## Task brief
Beginning with the first line, return the material verbatim and without pictures.

## Raw data
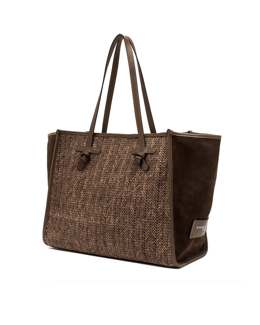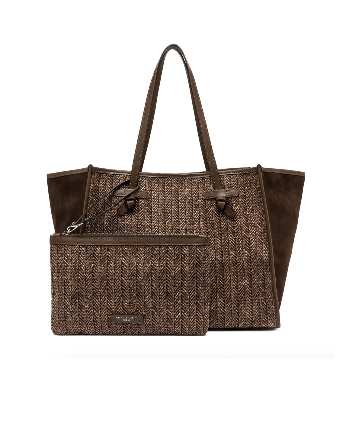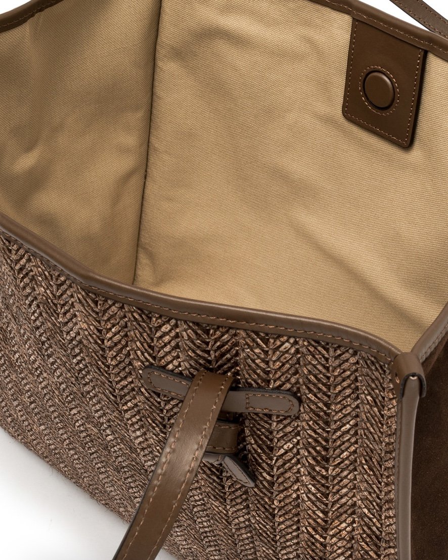 Сумка для покупок Marcella от Gianni Chiarini Firenze изготовлена из соломки «елка», которая придает ей свежий и естественный вид, идеально подходит для летних дней в городе и на отдыхе. Она оснащена кожаными ручками и удобной магнитной застежкой, идеально подходящей для повседневного использования. Внутренняя кожаная застежка придает практичности и универсальности.
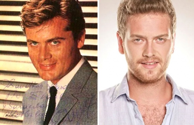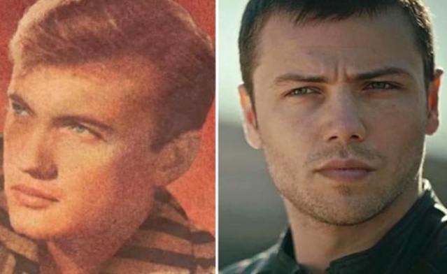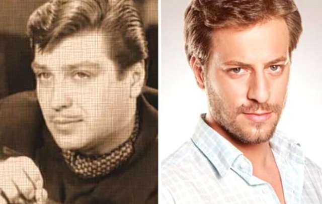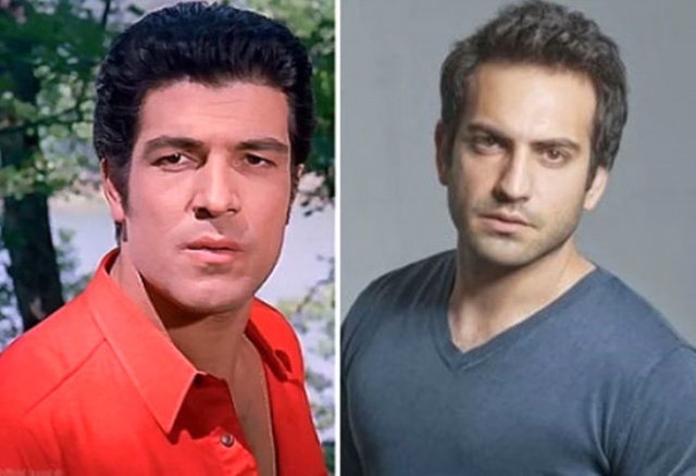 Yeşilçam'ın mavi gözlü yakışıklısı Tamer Yiğit ve şimdilerin sarışın oyuncusu Engin Öztürk'ün bakışları bile aynı.
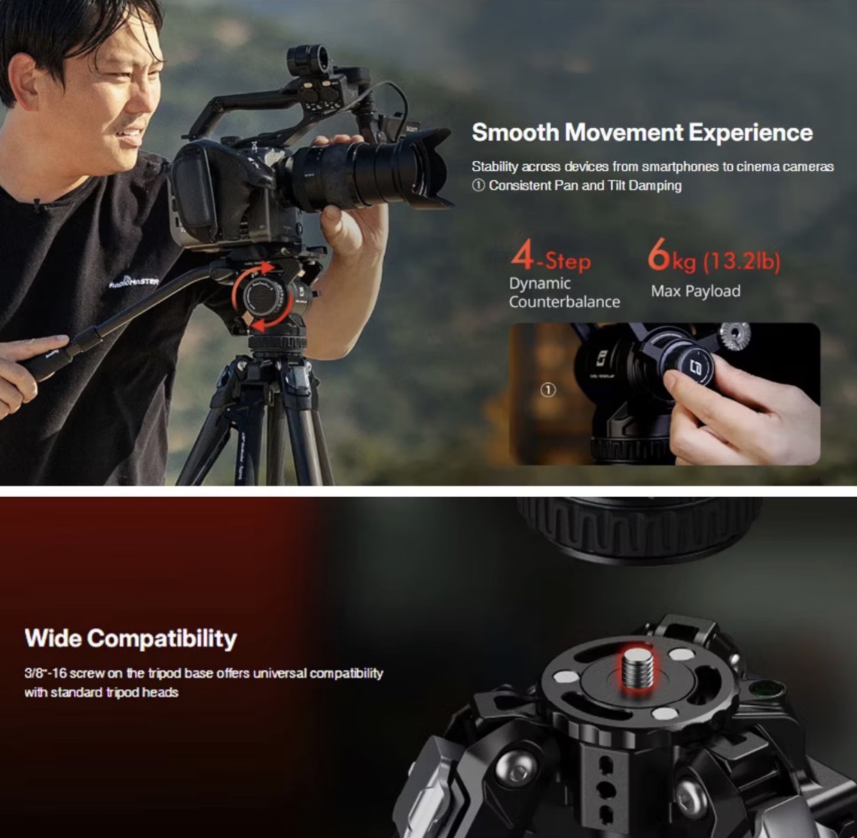 This feature enables rapid setup, allowing simultaneous extension, positioning, and locking of all three legs with a single squeeze action. The fluid head offers a 4-step adjustable counterbalance (0, 1, 2, 3) for precise stability with camera setups up to 6kg (13.2 lbs).
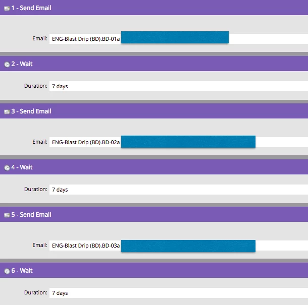 Within each program, I set a smart campaign that waits 7 days between each email send.

## Written answer
 Сумка для покупок Marcella от Gianni Chiarini Firenze изготовлена из соломки «елка», которая придает ей свежий и естественный вид, идеально подходит для летних дней в городе и на отдыхе. Она оснащена кожаными ручками и удобной магнитной застежкой, идеально подходящей для повседневного использования. Внутренняя кожаная застежка придает практичности и универсальности.
 Yeşilçam'ın mavi gözlü yakışıklısı Tamer Yiğit ve şimdilerin sarışın oyuncusu Engin Öztürk'ün bakışları bile aynı.
 This feature enables rapid setup, allowing simultaneous extension, positioning, and locking of all three legs with a single squeeze action. The fluid head offers a 4-step adjustable counterbalance (0, 1, 2, 3) for precise stability with camera setups up to 6kg (13.2 lbs).
 Within each program, I set a smart campaign that waits 7 days between each email send.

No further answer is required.